Are Tensor Decomposition Solutions Unique? On the global convergence of HOSVD and ParaFac algorithms
Dijun Luo, Heng Huang, Chris Ding

TL;DR
This paper investigates the non-uniqueness of tensor decomposition solutions, revealing that HOSVD consistently finds a unique global solution on real datasets, unlike ParaFac, which often does not, despite nonconvexity issues.
Contribution
The study provides a comprehensive analysis of solution uniqueness in tensor decompositions, introducing an eigenvalue-based criterion and demonstrating practical stability of HOSVD.
Findings
HOSVD yields unique solutions on real datasets despite nonconvexity.
ParaFac solutions are often non-unique, especially on scrambled data.
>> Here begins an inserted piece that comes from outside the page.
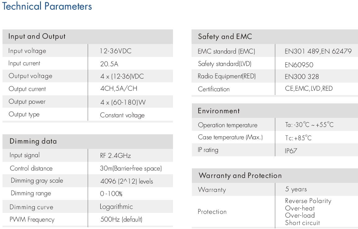 - Liczba kanałów wyjściowych: 4CH x 5A max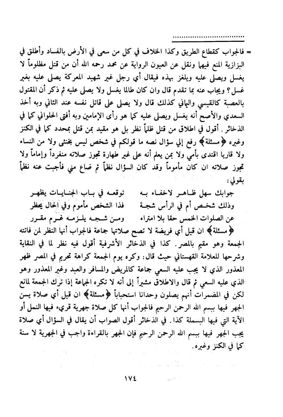 ـــــــــــــــــــــــــــــQفَالْجَوَابُ كَقُطَّاعِ الطَّرِيقِ وَكَذَا الْخِلَافُ فِي كُلِّ مَنْ سَعَى فِي الْأَرْضِ بِالْفَسَادِ وَأَطْلَقَ فِي الْبَزَّازِيَّةِ الْمَنْعَ فِيهِمَا وَنُقِلَ عَنْ الْعُيُونِ الرِّوَايَةُ عَنْ مُحَمَّدٍ - رَحِمَهُ اللَّهُ - أَنَّ مَنْ قُتِلَ مَظْلُومًا لَا يُغَسَّلُ وَيُصَلَّى عَلَيْهِ وَيُلْغَزُ بِهَذِهِ فَيُقَالُ أَيُّ رَجُلٍ غَيْرُ شَهِيدِ الْمَعْرَكَةِ يُصَلَّى عَلَيْهِ بِغَيْرِ غُسْلٍ؟ وَيُجَابُ عَنْهُ بِمَا تَقَدَّمَ قَالَ وَإِنْ كَانَ طَالَمَا يُغَسَّلُ وَلَا يُصَلَّى عَلَيْهِ ثُمَّ ذَكَرَ أَنَّ الْمَقْتُولَ بِالْعَصَبَةِ كَالْقَيْسِيِّ وَالْيَمَانِيِّ كَذَلِكَ قَالَ وَلَا يُصَلَّى عَلَى قَاتِلِ نَفْسَهُ عِنْدَ الثَّانِي وَبِهِ أَخَذَ السَّعْدِيُّ وَالْأَصَحُّ أَنَّهُ يُغَسَّلُ وَيُصَلَّى عَلَيْهِ كَمَا هُوَ رَأْيُ الْإِمَامَيْنِ وَبِهِ أَفْتَى الْحَلْوَانِيُّ كَمَا فِي الذَّخَائِرِ. أَقُولُ فِي إطْلَاقِ مَنْ قُتِلَ ظُلْمًا نَظَرٌ بَلْ هُوَ مُقَيَّدٌ بِمَنْ قُتِلَ بِمُحَدَّدٍ كَمَا فِي الْكَنْزِ وَغَيْرِهِ

Eigenvalue-based rule effectively assesses solution uniqueness.
Abstract
For tensor decompositions such as HOSVD and ParaFac, the objective functions are nonconvex. This implies, theoretically, there exists a large number of local optimas: starting from different starting point, the iteratively improved solution will converge to different local solutions. This non-uniqueness present a stability and reliability problem for image compression and retrieval. In this paper, we present the results of a comprehensive investigation of this problem. We found that although all tensor decomposition algorithms fail to reach a unique global solution on random data and severely scrambled data; surprisingly however, on all real life several data sets (even with substantial scramble and occlusions), HOSVD always produce the unique global solution in the parameter region suitable to practical applications, while ParaFac produce non-unique solutions. We provide an eigenvalue…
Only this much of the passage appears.